> [Working data]:
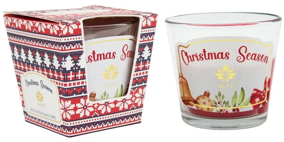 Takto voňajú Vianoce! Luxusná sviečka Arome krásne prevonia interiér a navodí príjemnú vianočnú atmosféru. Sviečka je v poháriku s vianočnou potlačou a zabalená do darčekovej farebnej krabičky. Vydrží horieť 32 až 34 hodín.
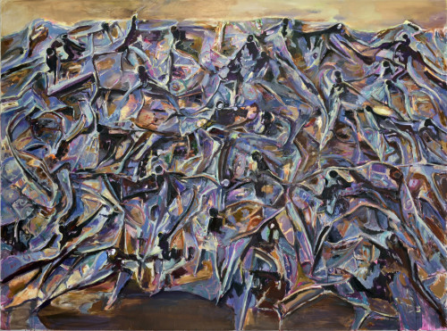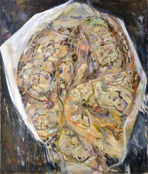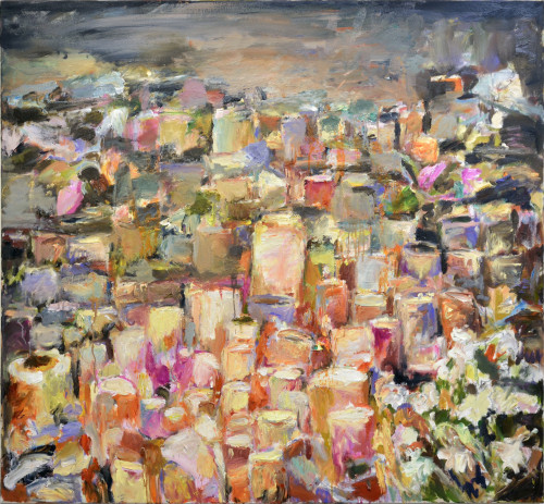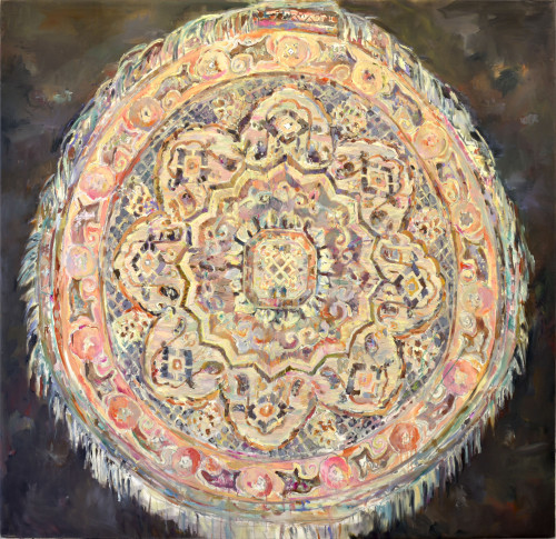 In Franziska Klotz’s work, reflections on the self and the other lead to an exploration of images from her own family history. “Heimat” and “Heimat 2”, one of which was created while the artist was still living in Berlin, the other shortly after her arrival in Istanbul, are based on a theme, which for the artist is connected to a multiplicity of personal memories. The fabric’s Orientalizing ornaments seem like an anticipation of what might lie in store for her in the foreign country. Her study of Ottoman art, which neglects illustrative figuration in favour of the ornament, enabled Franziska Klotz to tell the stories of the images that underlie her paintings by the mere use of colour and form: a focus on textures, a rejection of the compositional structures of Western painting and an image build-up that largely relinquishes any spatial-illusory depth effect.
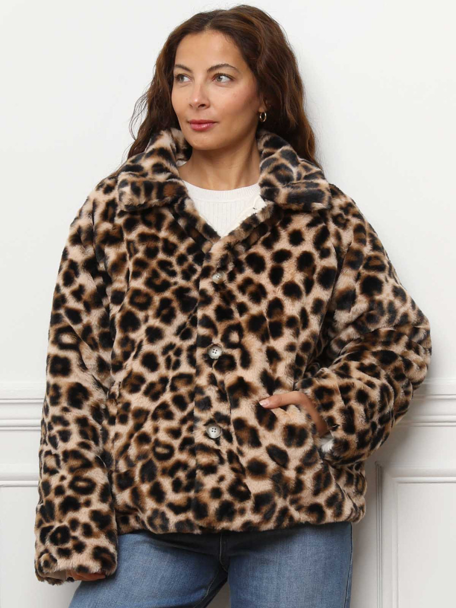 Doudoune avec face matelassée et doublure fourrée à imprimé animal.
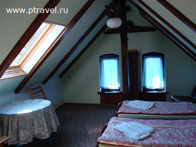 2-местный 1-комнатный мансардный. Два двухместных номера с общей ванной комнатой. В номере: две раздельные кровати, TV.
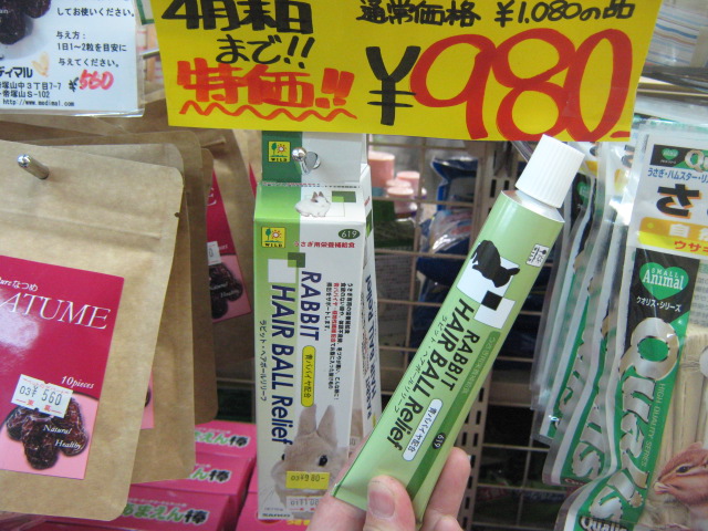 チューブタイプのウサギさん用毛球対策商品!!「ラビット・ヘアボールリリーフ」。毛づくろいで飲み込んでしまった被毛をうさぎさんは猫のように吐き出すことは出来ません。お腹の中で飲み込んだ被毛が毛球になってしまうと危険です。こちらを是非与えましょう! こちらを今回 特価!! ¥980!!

---

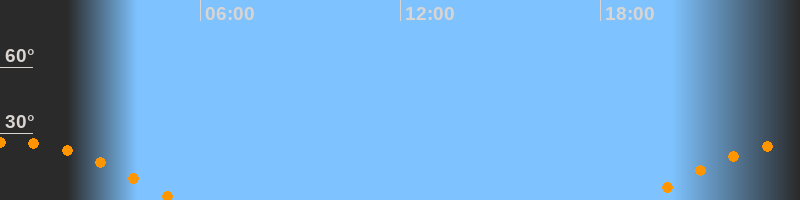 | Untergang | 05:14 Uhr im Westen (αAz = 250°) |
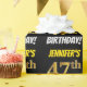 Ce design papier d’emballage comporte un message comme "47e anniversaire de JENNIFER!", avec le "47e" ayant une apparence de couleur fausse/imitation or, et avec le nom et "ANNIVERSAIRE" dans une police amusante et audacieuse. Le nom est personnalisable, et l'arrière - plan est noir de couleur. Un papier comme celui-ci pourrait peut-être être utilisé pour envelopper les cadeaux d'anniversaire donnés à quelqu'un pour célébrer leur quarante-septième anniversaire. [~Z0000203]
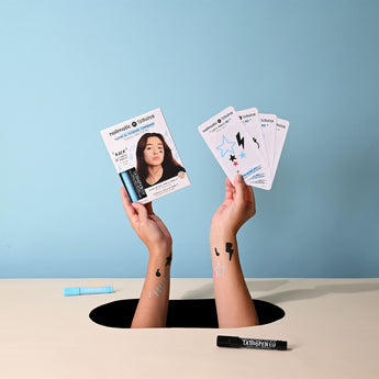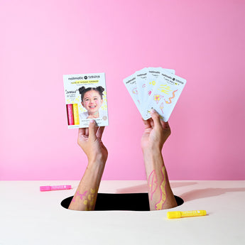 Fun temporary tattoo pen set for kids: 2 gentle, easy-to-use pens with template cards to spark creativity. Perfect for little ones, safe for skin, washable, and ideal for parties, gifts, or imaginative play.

> [Assigned task]: Working from the records above, set down word for word everything from the line containing "Doudoune avec face" down to the line containing "こちらを今回 特価!! ¥980!!", ends included, minus the pictures.

> [Result for this task]:
 Doudoune avec face matelassée et doublure fourrée à imprimé animal.
 2-местный 1-комнатный мансардный. Два двухместных номера с общей ванной комнатой. В номере: две раздельные кровати, TV.
 チューブタイプのウサギさん用毛球対策商品!!「ラビット・ヘアボールリリーフ」。毛づくろいで飲み込んでしまった被毛をうさぎさんは猫のように吐き出すことは出来ません。お腹の中で飲み込んだ被毛が毛球になってしまうと危険です。こちらを是非与えましょう! こちらを今回 特価!! ¥980!!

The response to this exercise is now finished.